I want to solve the following optimization problem , if R is a positive semi-definite matrix and D is diagonal matrix , both of size T x T then we should solve
${\underset{D}{min}}$ trace[$(R + D)^{\dagger}$]
such that trace(D) $\leq$ P
here $A^{\dagger}$ = Pseudo-inverse of A
Any help using matrix calculus or lagrange multiplier or any other method is welcome
$ \def\l{\left} \def\r{\right} \def\lr#1{\l(#1\r)} \def\fracLR#1#2{\lr{\frac{#1}{#2}}} \def\o{{\tt1}} \def\a{\alpha} \def\b{\beta} \def\d{\delta} \def\p{\partial} \def\trace#1{\operatorname{Tr}\lr{#1}} \def\diag#1{\operatorname{diag}\lr{#1}} \def\Diag#1{\operatorname{Diag}\lr{#1}} \def\grad#1#2{\frac{\p #1}{\p #2}} \def\c#1{\color{red}{#1}} $To avoid confusion with the differential operator, rename the variable $D\to A$.
Then consider the case when $R=R^T$ and $A_{kk}>0$, then we can dispense with the pseudoinverse and write the objective function as $$\eqalign{ \phi &= \trace{(R+A)^{-1}} \\ d\phi &= -(R+A)^{-2}:dA \\ }$$ where $(:)$ denotes the Frobenius product, which is a convenient notation for the trace $$\eqalign{ A:B &= \sum_{i=1}^m\sum_{j=1}^n A_{ij}B_{ij} \;=\; \trace{AB^T} \\ A:A &= \big\|A\big\|^2_F \\ }$$
Introduce the unconstrained vector $(b)$ and its associated diagonal matrix $(B)$ and scalar magnitude $(\b)$. Then use it to construct a matrix which satisfies the constraints (rename the scalar $P\to\a$). $$\eqalign{ B &= \Diag{b} \quad&\implies\quad \trace{B}=\b \\ \b &= \o^Tb \quad&\implies\quad d\b = \o^Tdb = \trace{dB} \\ A &= \fracLR{\a}{\b} B \quad&\implies\quad \trace{A}=\a \\ a &= \fracLR{\a}{\b} b \quad&\implies\quad \o^Ta=\a \\ }$$ Calculate the differential of the constructed matrix $$\eqalign{ da &= \fracLR{\a\b\,db-\a b\,d\b}{\b^2} \\ &= \frac{\a}{\b^2}\lr{\b I-b\o^T} db \\ }$$ and substituted it into the diagonalized differential of the function to obtain the unconstrained gradient $$\eqalign{ d\phi &= -\diag{(R+A)^{-2}}:da \\ &= -g:da \\ &= -\frac{\a}{\b^2}g:\lr{\b I-b\o^T} db \\ &= +\frac{\a}{\b^2}\lr{\o b^Tg-\b g}: db \\ \grad{\phi}{b} &= \frac{\a}{\b^2}\lr{\o b^Tg-\b g} \\ }$$ Setting the gradient to zero yields $$\eqalign{ \lr{\o b^T}g & = \b g \\ }$$ This is an eigenvalue equation for a rank-$\o$ matrix which has a single non-zero eigenvalue corresponding to the eigenvector $\o$ (the all-ones vector).
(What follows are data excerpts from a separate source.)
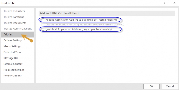 – Trong hộp thoại hiện ra, bạn chọn mục Add-ins, bạn bỏ dấu tích trong 2 mục “Require Application Add-ins to be signed by Trusted Publisher” và “Disable all Application Add-ins(may impair Functionality)”. như hình (H.9) > Sau đó chọn OK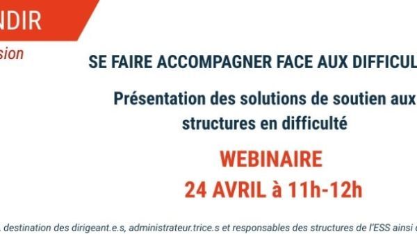 Votre structure rencontre des difficultés ? Vous faites de l'accompagnement de structures de l'ESS en difficulté et souhaitez en savoir plus sur les dispositifs existants ? Inscrivez-vous à ce webinaire pour découvrir les solutions existantes.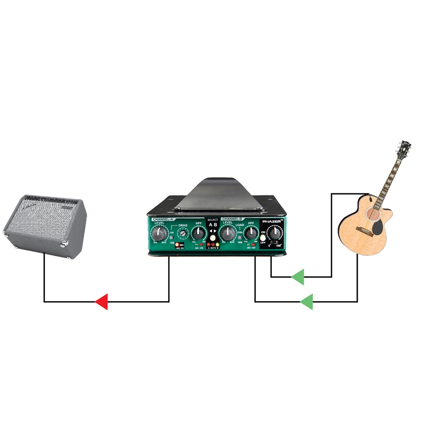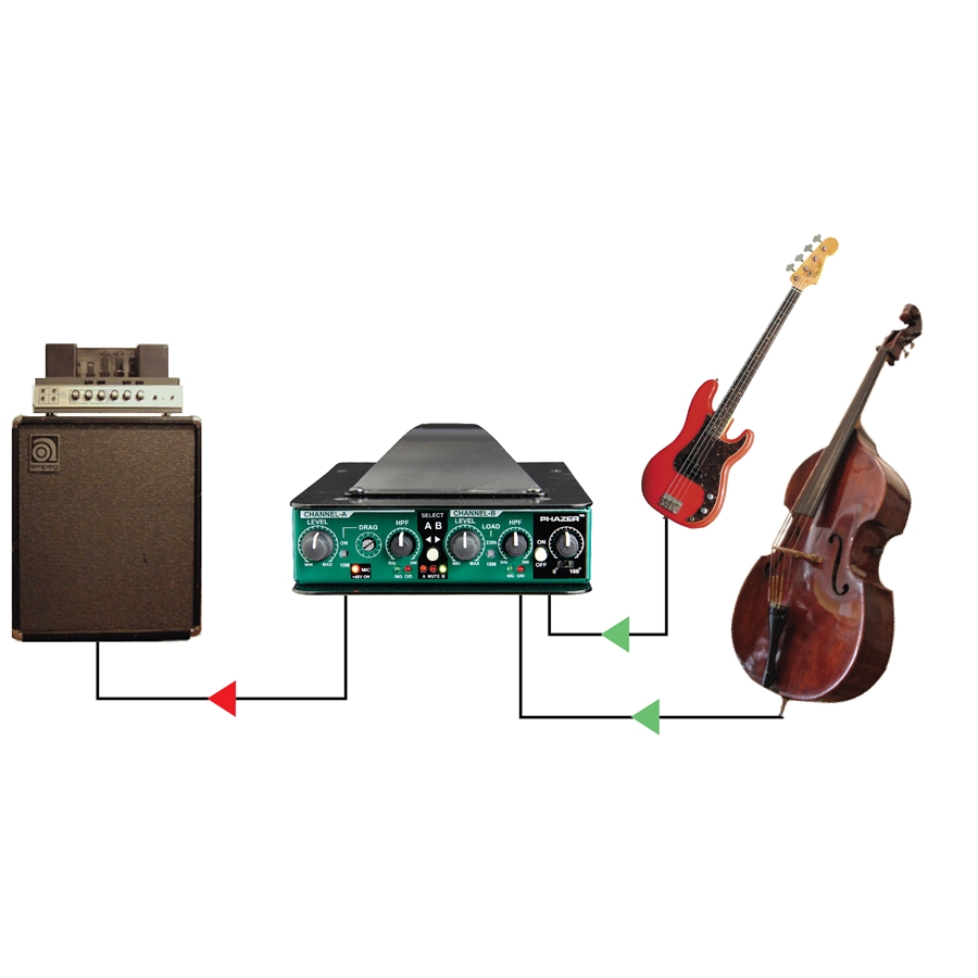 L'Input-B è dotato di un selettore di carico che permete di scegliere tra 200 K-Ohms per l’utilizzo con bassi passivi e 10-megaohm per l'utilizzo con trasduttori piezoelettrici. Elevare l'impedenza su un piezo estende la risposta in frequenza e smussa la risposta transitoria per un suono più naturale. Le cose si fanno davvero emozionanti quando si combinano i due canali. Una funzione 'blend' presente lateralmente, permetterà di combinare un pickup magnetico con un piezo o miscelare un microfono con un pickup. Il Phazer™ incorporato consente di allineare le due sorgenti audio per trovare il punto debole e fornire ciò che può solo essere descritto come il suono più naturale mai prodotto da uno strumento elettrificato.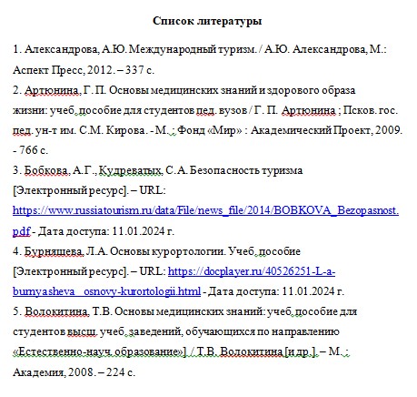 Необходимо перечислить в алфавитном порядке все использованные источники информации, включая интернет-ресурсы. В описании должны присутствовать: инициалы авторов, название книг, год издания, название издательства. К интернет-источникам прикрепляются ссылки и указывается дата посещения сайта.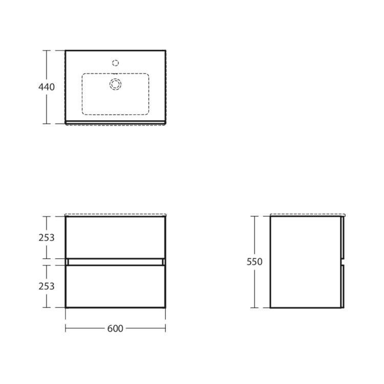 - Overall Basin Vanity Dimensions (including basin): H565mm x W610mm x D450mm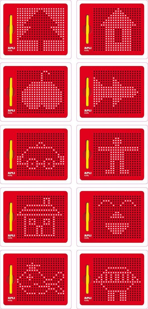 Dit tekenbord is net wat anders dan de andere tekenborden in ons assortiment. Het is namelijk een magneetbord. Er zitten allemaal kleine magneetbolletjes in het bord verwerkt. Ze komen omhoog als je met de bijgeleverde pen over de gaatjes gaat. Op deze manier kun je zelf een afbeelding maken. Er zitten ook 10 kaarten bij waarop 20 voorbeelden staan afgebeeld die je na kan tekenen. Wil je de bolletjes weer weg hebben om een nieuwe afbeelding te maken of je hebt een foutje gemaakt in je tekening, dan kun je gewoon met de vinger de magneetbolletjes als het ware naar bedenen duwen. Dan verdwijnen ze vanzelf weer en kun je weer verder tekenen.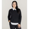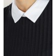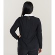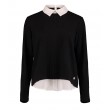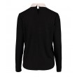 Elegantiška juoda palaidinė, papildyta kontrastingos spalvos balta apykakle ir baltu audinio sluoksniu apačioje, kuris sukuria sluoksniuoto efektą.
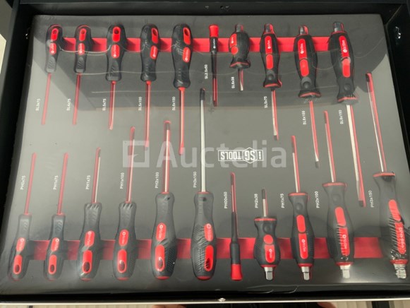 258 delig; schroevendraaiers; bitset; tangen; sleutels; etc; zwenkwielen met rem; 7 lades; 6 gevuld; 760x460x980mm 80KG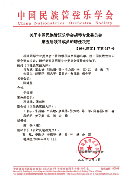 2022年3月1日,中国民族管弦乐学会胡琴专业委员会换届大会在京召开。中国民族管弦乐学会会长吴玉霞、副会长兼秘书长赵东升、副秘书长宋阳以及胡琴专业委员会新一届领导班子成员代表参加会议。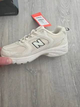 Zapatillas deportivas New Balance modelo 530. - Diseño en tonos beige y blanco. - Logo 'N' característico en el lateral. - Cierre con cordones.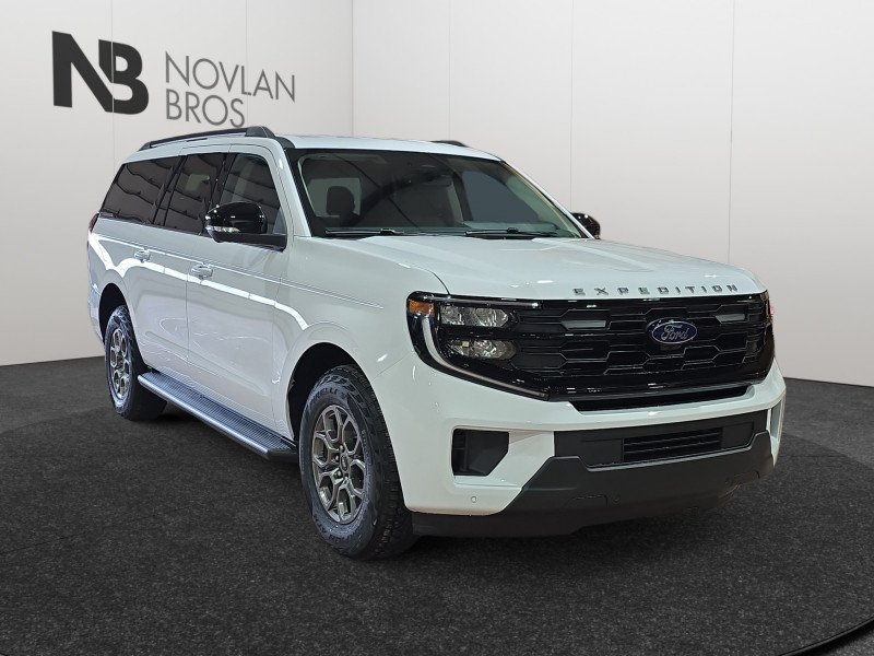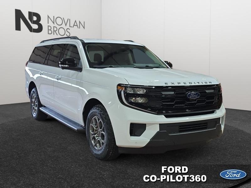 Our Expedition's trim level is Active Max. This full-size SUV blends impressive towing capability and advanced trailer assist features with luxurious comfort for up to eight passengers, featuring power-folding third-row seats, tri-zone climate control, heated and ventilated front captain’s chairs, a heated leather-wrapped steering wheel, and ambient interior lighting. Its connected cabin offers SYNC with Google integration, Apple CarPlay, Android Auto, wireless charging, and a premium sound system to enhance every drive. Safety is elevated with adaptive cruise control, lane-keeping assist, blind-spot monitoring, pre-collision assist, a 360° camera system, and reverse brake assist for confident handling on every journey. This vehicle has been upgraded with the following features: Aluminum Wheels, Ford Co-Pilot360 Assist +.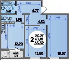 Продаётся 2-комнатная квартира в сданном доме (Литер 5), срок сдачи: II-кв. 2024, общей площадью 65.59 кв.м., на 7 этаже. РАСПОЛОЖЕНИЕ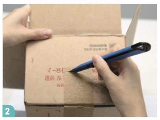 소형 종이 상자, 칼, 가위, 연필 또는 펜, 박스 테이프, 휴대폰, 돋보기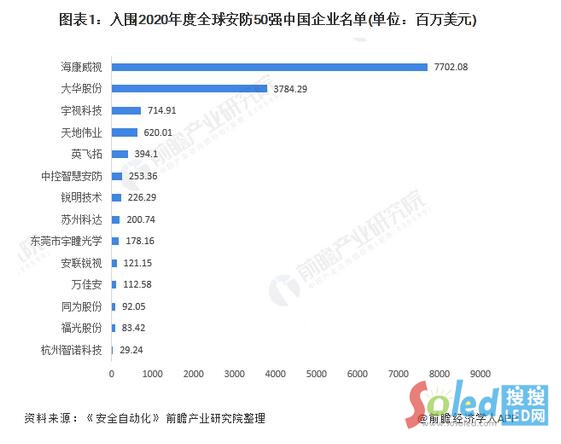 根據(jù)全球知名的科技媒體Automation Security《安全自動化》發(fā)布的2020年度全球安防50強榜單。有四家中國企業(yè)入選TOP10,分別為?低、大華股份、宇視科技、天地偉業(yè)。?低暭按笕A股份仍以77億美元和38億美元的營收數(shù)據(jù)穩(wěn)居全球第 一與第二的位置。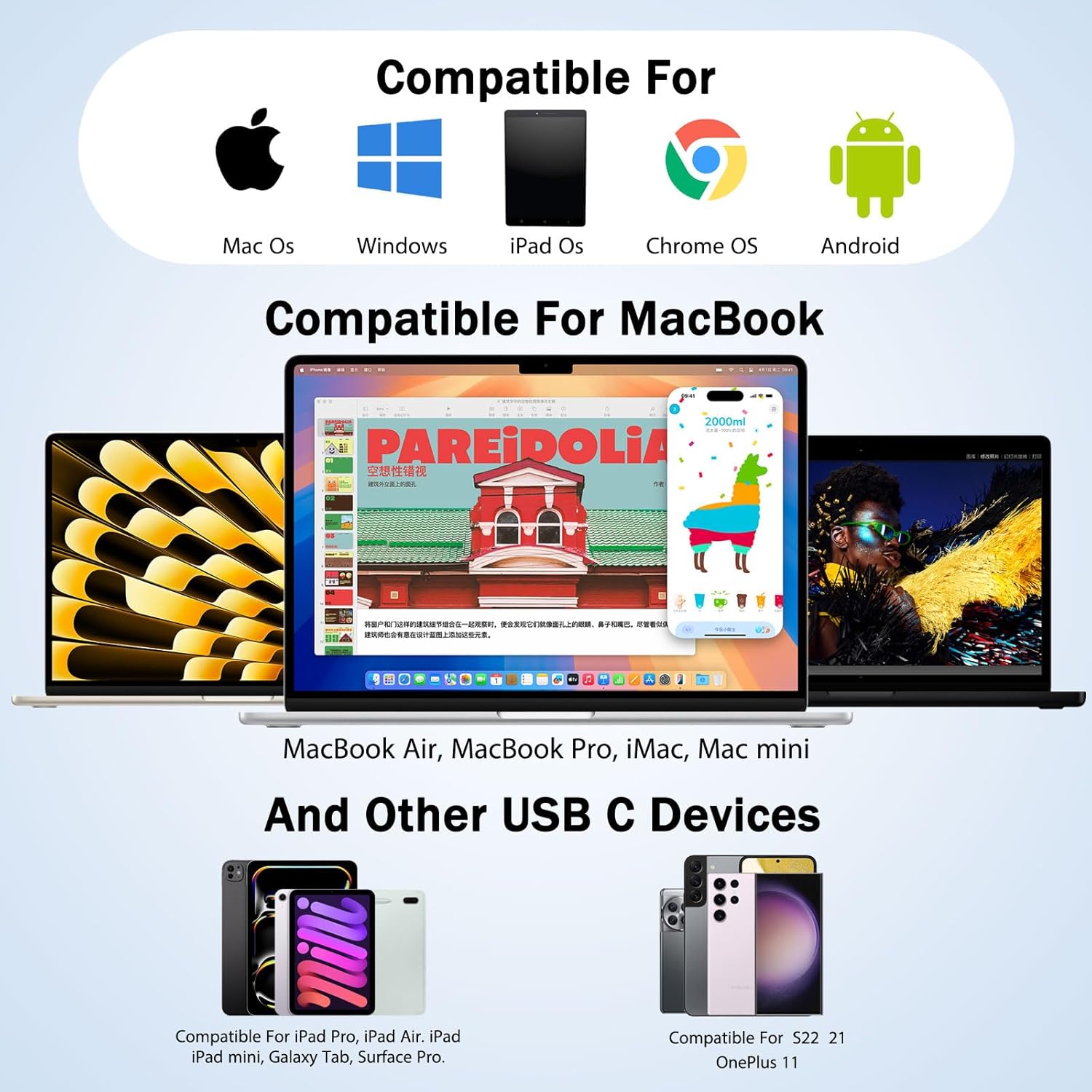 Bu xususiyat bir nechta quvvat adapterlariga bo'lgan ehtiyojni yo'q qiladi va uzoq ish seanslari davomida qurilmalarning to'liq batareya quvvatini saqlab turishini ta'minlaydi.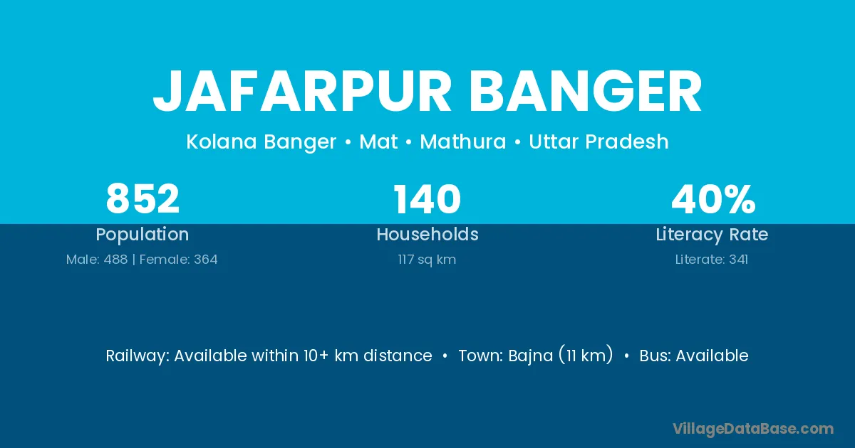 Bajna (11 km) is the nearest town to Jafarpur Banger village for major economic activities and is located approximately 11 km away.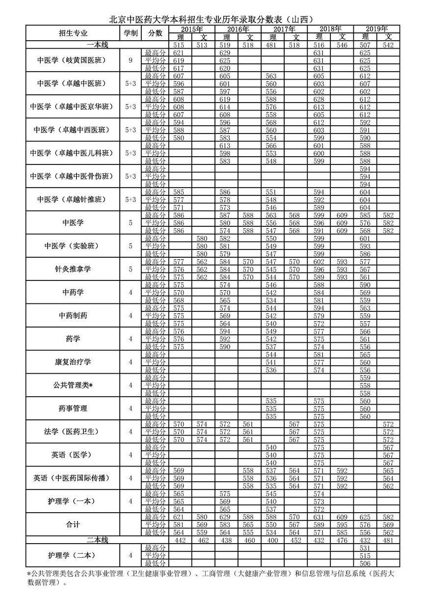 北京中医药大学2015-2019年在山西省各专业录取分数线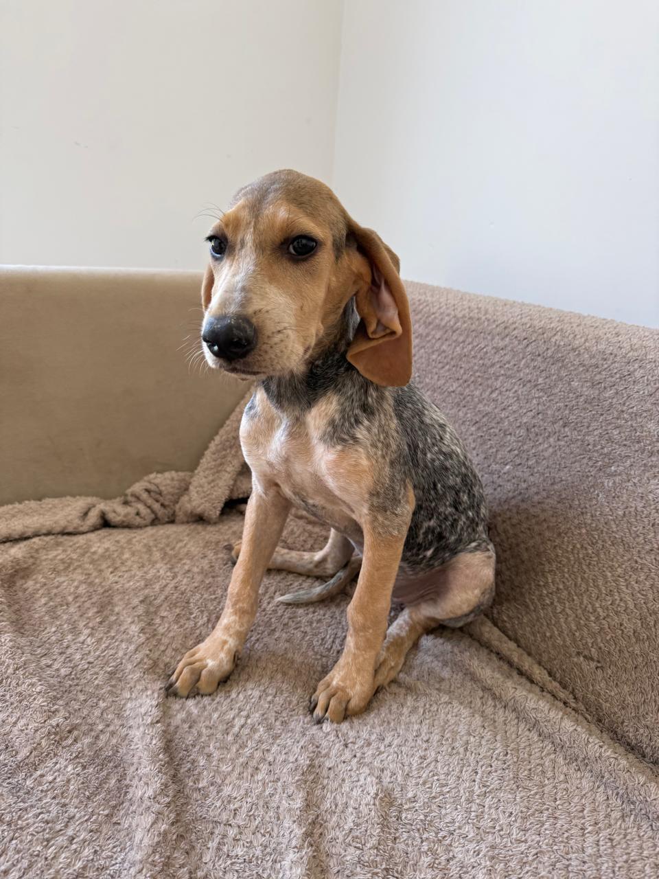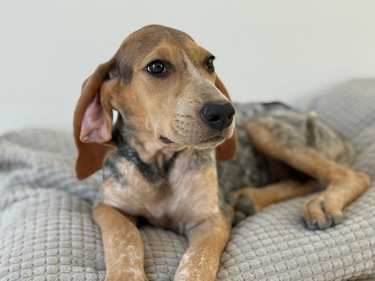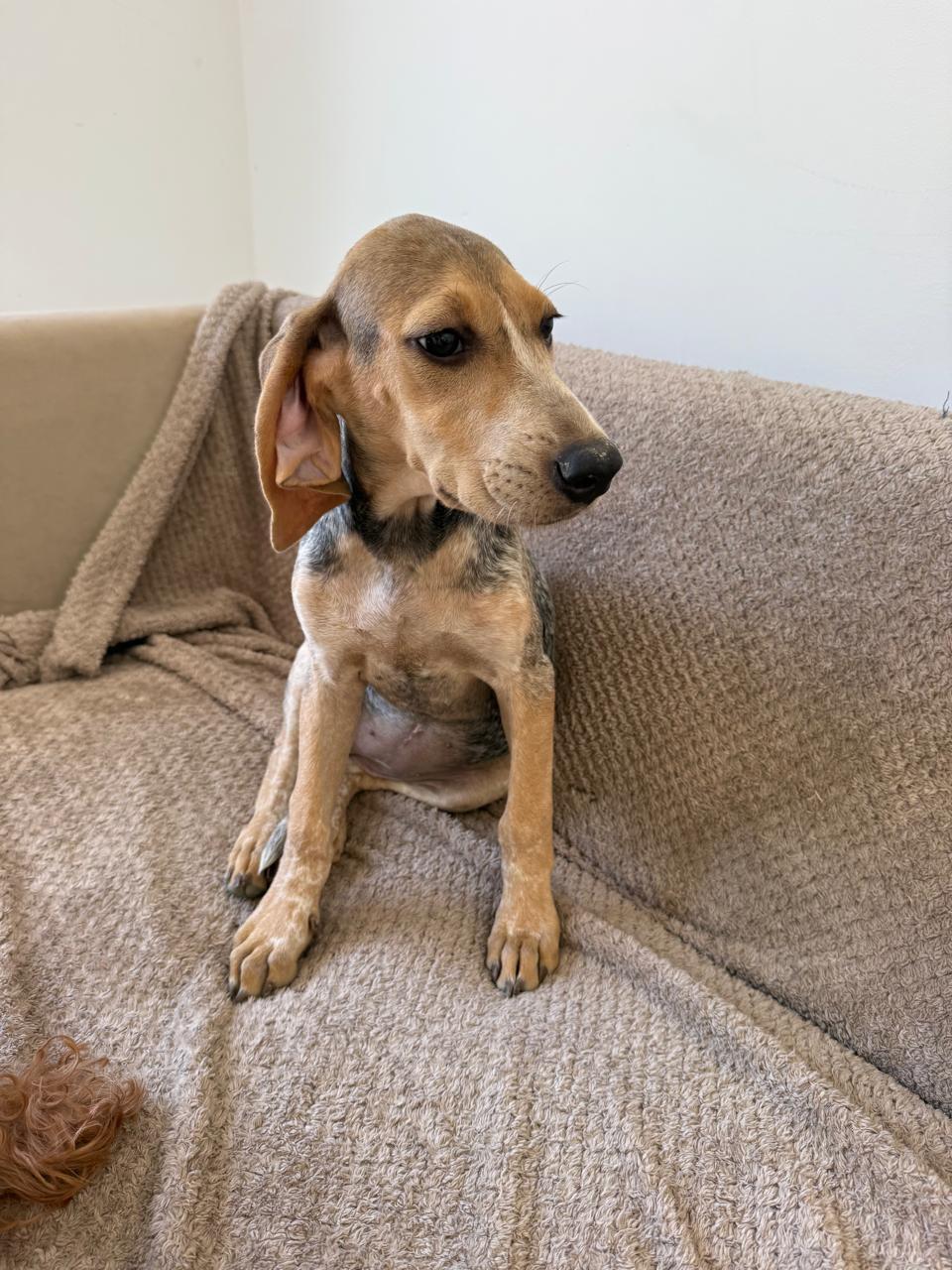 Mira heeft helaas een harde start gehad. Op amper 2,5 maanden oud werd ze gevonden langs de snelweg – bang, verzwakt, onder de vlooien en teken, en later bleek ze ook nog eens bloedarmoede te hebben. Ze verstopte zich, wilde niet gezien worden en durfde de wereld niet aan. Gelukkig kwam haar redding op tijd: een liefdevolle pleegmama die haar de kans gaf om weer te bloeien.

Therefore $g$ is equal to this eigenvector (or is a scalar multiple of it). $$\eqalign{ \o &= \lambda g = \diag{\lr{R+A}^{-2}} \\ I &= \lambda \Diag{\diag{\lr{R+A}^{-2}}} \\ &= \lambda I\odot\lr{R+A}^{-2} \\ }$$ where $(\odot)$ denotes the elementwise/Hadamard product.
This is a nonlinear equation, but it can be rearranged into an interative relationship (which hopefully converges) $$\eqalign{ A_0 &= I \\ Z_+ &= A\odot\lr{R+A}^{-2} \\ A_+ &= \frac{P\,Z_+}{\trace{Z_+}} \qquad&\big({\rm enforce\,the\,constraint}\big) \\ }$$ Initializing $A$ to a random diagonal matrix might improve its convergence prospects.
The zero eigenvectors of $(\o b^T)$ are also possible extremal solutions. You can explore them by choosing $g$ to be perpendicular to $b$ (and therefore perpendicular to $a$).
This leads to a very different system of nonlinear equations $$\eqalign{ f(a) &= a^T\diag{\big[R+\Diag{a}\big]^{-2}} \;\doteq\; 0 \\ }$$ which could be solved using Newton's Method or a Quasi-Newton method.